Task requirements — A verbatim transcript of the lines below, starting at the first and ending with the one that holds "LIVVY タイのシルバーカラーののバングルジュエリーレトロシンプルな調節可能なスカルホットブレスレット アジャスタブル", is what should be produced.

Task inputs —
--------
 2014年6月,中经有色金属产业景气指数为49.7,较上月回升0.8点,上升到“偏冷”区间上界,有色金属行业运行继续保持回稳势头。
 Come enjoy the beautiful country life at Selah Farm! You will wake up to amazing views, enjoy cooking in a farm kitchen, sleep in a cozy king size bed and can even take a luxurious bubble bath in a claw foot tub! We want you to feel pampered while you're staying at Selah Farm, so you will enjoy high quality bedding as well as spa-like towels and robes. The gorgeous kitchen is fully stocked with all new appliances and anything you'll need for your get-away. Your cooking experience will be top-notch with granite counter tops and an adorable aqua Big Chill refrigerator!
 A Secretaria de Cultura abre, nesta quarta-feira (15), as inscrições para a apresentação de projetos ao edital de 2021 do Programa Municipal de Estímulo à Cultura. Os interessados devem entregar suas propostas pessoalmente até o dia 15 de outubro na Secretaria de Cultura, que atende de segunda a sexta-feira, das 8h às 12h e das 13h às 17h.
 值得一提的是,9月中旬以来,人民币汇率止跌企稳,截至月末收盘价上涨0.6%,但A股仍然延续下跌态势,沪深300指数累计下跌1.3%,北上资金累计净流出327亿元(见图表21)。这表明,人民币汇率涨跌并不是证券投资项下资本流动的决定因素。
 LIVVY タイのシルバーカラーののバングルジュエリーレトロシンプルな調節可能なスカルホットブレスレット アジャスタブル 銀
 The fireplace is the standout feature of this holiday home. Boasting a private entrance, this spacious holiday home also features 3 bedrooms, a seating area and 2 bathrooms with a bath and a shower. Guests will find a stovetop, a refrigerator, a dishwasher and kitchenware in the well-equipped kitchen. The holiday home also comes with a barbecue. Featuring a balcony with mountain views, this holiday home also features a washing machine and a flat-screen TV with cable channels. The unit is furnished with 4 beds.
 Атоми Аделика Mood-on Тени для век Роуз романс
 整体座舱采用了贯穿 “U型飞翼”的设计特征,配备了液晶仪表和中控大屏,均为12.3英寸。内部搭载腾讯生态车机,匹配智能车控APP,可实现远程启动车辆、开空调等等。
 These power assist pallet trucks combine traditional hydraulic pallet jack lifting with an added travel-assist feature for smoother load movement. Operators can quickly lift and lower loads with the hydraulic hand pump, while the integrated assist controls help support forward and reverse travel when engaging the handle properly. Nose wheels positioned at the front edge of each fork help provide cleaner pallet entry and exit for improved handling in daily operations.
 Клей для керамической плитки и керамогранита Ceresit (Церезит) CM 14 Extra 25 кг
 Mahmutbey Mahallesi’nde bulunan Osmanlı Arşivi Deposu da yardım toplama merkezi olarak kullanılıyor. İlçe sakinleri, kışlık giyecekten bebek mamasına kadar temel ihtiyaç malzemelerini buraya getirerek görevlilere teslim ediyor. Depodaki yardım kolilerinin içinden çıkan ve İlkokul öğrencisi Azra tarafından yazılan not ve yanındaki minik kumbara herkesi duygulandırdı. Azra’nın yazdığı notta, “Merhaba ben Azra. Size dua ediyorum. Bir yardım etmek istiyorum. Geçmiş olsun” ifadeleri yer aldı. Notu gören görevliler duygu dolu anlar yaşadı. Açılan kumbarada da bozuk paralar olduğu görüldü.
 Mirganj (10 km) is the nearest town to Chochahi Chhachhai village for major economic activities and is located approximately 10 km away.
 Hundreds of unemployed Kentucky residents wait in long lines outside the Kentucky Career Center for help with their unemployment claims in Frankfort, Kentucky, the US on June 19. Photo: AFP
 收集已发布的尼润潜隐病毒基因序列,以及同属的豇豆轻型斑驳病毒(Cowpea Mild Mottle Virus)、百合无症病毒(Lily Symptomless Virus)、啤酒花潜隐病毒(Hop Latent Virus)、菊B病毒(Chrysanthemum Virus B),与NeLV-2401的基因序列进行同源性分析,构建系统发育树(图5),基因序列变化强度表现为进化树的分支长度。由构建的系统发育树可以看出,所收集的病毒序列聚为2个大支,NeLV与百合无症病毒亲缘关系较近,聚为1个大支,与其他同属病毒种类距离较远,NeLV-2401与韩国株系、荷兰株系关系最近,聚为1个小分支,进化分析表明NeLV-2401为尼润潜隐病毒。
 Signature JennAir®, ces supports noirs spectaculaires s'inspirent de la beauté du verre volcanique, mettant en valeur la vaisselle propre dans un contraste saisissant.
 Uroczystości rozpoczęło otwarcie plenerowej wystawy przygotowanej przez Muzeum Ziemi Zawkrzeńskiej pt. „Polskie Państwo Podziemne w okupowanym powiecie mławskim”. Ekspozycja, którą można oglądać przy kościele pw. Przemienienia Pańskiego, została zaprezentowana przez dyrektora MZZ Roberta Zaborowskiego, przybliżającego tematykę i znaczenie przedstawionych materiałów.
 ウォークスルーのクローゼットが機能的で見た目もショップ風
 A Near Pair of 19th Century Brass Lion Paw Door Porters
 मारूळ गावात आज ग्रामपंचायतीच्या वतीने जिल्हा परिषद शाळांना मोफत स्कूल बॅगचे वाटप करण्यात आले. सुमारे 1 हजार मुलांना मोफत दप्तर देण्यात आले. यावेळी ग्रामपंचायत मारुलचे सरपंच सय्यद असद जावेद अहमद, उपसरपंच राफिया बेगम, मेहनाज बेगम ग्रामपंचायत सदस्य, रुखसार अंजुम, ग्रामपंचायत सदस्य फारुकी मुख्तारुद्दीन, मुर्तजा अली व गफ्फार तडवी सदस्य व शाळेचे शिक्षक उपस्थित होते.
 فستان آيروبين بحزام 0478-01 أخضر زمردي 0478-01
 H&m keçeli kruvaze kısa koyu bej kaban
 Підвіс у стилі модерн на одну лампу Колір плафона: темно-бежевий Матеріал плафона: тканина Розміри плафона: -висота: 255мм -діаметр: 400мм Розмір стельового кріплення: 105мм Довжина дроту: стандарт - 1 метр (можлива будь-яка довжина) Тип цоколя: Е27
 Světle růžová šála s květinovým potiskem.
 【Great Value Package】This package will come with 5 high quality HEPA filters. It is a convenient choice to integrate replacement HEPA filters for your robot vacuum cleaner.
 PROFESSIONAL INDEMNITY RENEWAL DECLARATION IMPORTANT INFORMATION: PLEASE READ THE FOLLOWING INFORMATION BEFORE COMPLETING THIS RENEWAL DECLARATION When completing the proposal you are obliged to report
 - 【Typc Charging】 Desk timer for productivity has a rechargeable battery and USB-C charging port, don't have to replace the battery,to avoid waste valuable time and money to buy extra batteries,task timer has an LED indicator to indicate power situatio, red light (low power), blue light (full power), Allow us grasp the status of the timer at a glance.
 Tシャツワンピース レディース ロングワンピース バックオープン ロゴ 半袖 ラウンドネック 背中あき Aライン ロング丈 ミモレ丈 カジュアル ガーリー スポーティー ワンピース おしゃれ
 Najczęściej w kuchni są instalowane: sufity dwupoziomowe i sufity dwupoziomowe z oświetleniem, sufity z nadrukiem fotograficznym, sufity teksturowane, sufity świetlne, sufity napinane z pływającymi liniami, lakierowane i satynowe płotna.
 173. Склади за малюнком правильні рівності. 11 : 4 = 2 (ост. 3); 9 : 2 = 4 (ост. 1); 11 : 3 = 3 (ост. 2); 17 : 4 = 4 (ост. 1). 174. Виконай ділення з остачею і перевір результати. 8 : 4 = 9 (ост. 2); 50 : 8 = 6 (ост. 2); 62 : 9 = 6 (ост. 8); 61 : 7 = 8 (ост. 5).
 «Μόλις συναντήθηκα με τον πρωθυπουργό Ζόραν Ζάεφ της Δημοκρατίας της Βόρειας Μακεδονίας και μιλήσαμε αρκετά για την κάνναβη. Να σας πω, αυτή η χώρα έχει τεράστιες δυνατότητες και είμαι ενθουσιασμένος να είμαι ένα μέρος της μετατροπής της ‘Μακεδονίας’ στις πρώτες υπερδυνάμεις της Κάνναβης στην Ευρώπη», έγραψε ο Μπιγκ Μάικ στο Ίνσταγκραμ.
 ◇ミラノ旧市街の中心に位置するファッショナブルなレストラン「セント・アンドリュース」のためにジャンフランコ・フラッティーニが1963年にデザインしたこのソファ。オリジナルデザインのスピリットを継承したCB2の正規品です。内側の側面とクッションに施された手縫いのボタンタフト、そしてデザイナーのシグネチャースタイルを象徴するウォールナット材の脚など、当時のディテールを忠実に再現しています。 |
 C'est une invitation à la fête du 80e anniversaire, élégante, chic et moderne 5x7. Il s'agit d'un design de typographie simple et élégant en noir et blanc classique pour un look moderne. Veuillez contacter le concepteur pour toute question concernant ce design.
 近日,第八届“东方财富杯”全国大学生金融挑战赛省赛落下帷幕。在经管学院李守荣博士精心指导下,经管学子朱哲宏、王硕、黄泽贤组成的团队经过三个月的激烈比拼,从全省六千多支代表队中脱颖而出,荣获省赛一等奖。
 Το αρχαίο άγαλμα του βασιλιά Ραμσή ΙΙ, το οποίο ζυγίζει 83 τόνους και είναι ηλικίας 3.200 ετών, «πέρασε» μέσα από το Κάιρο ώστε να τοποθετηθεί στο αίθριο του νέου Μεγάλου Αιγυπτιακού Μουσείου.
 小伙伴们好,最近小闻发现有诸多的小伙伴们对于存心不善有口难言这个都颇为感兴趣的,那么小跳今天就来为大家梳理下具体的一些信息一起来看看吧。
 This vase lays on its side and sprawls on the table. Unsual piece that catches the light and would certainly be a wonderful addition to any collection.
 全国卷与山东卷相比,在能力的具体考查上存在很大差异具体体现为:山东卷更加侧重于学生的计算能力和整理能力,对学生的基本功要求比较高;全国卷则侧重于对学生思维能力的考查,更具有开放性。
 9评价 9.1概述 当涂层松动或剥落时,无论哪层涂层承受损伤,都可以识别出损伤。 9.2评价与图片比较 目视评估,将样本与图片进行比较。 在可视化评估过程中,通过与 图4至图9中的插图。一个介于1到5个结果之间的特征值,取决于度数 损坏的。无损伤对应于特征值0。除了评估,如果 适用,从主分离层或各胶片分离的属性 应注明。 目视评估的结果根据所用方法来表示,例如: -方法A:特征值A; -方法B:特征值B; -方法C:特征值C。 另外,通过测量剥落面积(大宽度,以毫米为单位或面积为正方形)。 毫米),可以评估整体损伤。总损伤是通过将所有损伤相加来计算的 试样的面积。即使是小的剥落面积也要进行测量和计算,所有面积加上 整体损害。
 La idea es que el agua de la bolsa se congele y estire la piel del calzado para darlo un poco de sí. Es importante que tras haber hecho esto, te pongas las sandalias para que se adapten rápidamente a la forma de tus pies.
--------
Answer section —
 2014年6月,中经有色金属产业景气指数为49.7,较上月回升0.8点,上升到“偏冷”区间上界,有色金属行业运行继续保持回稳势头。
 Come enjoy the beautiful country life at Selah Farm! You will wake up to amazing views, enjoy cooking in a farm kitchen, sleep in a cozy king size bed and can even take a luxurious bubble bath in a claw foot tub! We want you to feel pampered while you're staying at Selah Farm, so you will enjoy high quality bedding as well as spa-like towels and robes. The gorgeous kitchen is fully stocked with all new appliances and anything you'll need for your get-away. Your cooking experience will be top-notch with granite counter tops and an adorable aqua Big Chill refrigerator!
 A Secretaria de Cultura abre, nesta quarta-feira (15), as inscrições para a apresentação de projetos ao edital de 2021 do Programa Municipal de Estímulo à Cultura. Os interessados devem entregar suas propostas pessoalmente até o dia 15 de outubro na Secretaria de Cultura, que atende de segunda a sexta-feira, das 8h às 12h e das 13h às 17h.
 值得一提的是,9月中旬以来,人民币汇率止跌企稳,截至月末收盘价上涨0.6%,但A股仍然延续下跌态势,沪深300指数累计下跌1.3%,北上资金累计净流出327亿元(见图表21)。这表明,人民币汇率涨跌并不是证券投资项下资本流动的决定因素。
 LIVVY タイのシルバーカラーののバングルジュエリーレトロシンプルな調節可能なスカルホットブレスレット アジャスタブル 銀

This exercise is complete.